▸ **Task to carry out**: After locating the line with "Monogram gold and" in the entries below, set down exactly that line and each one after it to the end, skipping pictures.

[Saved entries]
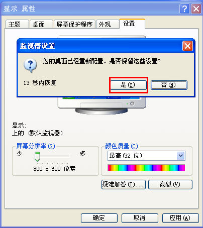3.此时会弹出提示,是否确定修改,点击“是”,就完成屏幕分辨率的设置了。
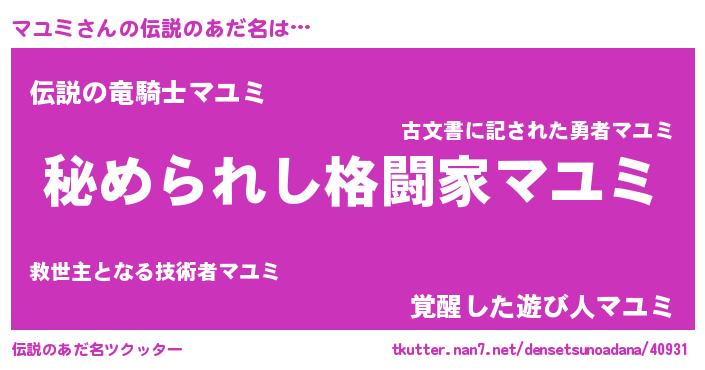 | ヒーロー風カッコイイあだ名 | 『ウルトラ戦士マユミ』『スーパーマユミ』 |
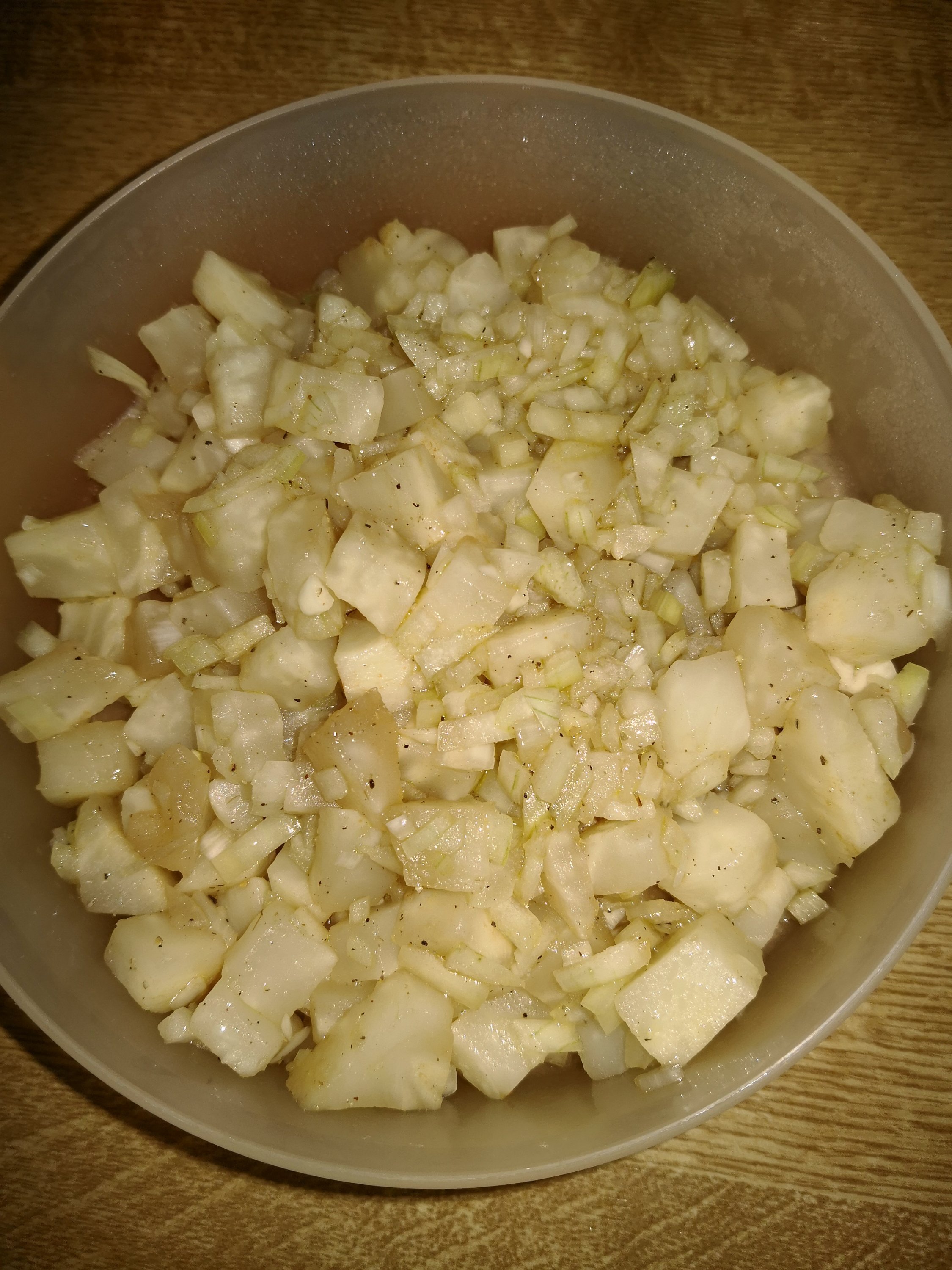 Den Selleriekopf schälen, in Würfel schneiden, im Topf kurz kochen, damit die Würfel nicht zu weich werden. Inzwischen die Zwiebel klein schneiden. Die gekochten Selleriewürfel gut abtropfen lassen. Die Würfel in den Topf mit den Zwiebeln geben, nach Geschmack mit Pfeffer und Salz, Essig und Öl würzen.
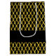 Monogram gold and black quatrefoil pattern medium gift bag
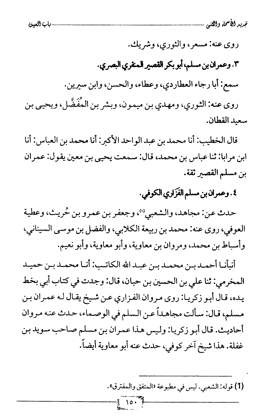 4 - وعمران بن مسلم الفَزَاري الكوفي.

▸ **Expected answer**:
 Monogram gold and black quatrefoil pattern medium gift bag
 4 - وعمران بن مسلم الفَزَاري الكوفي.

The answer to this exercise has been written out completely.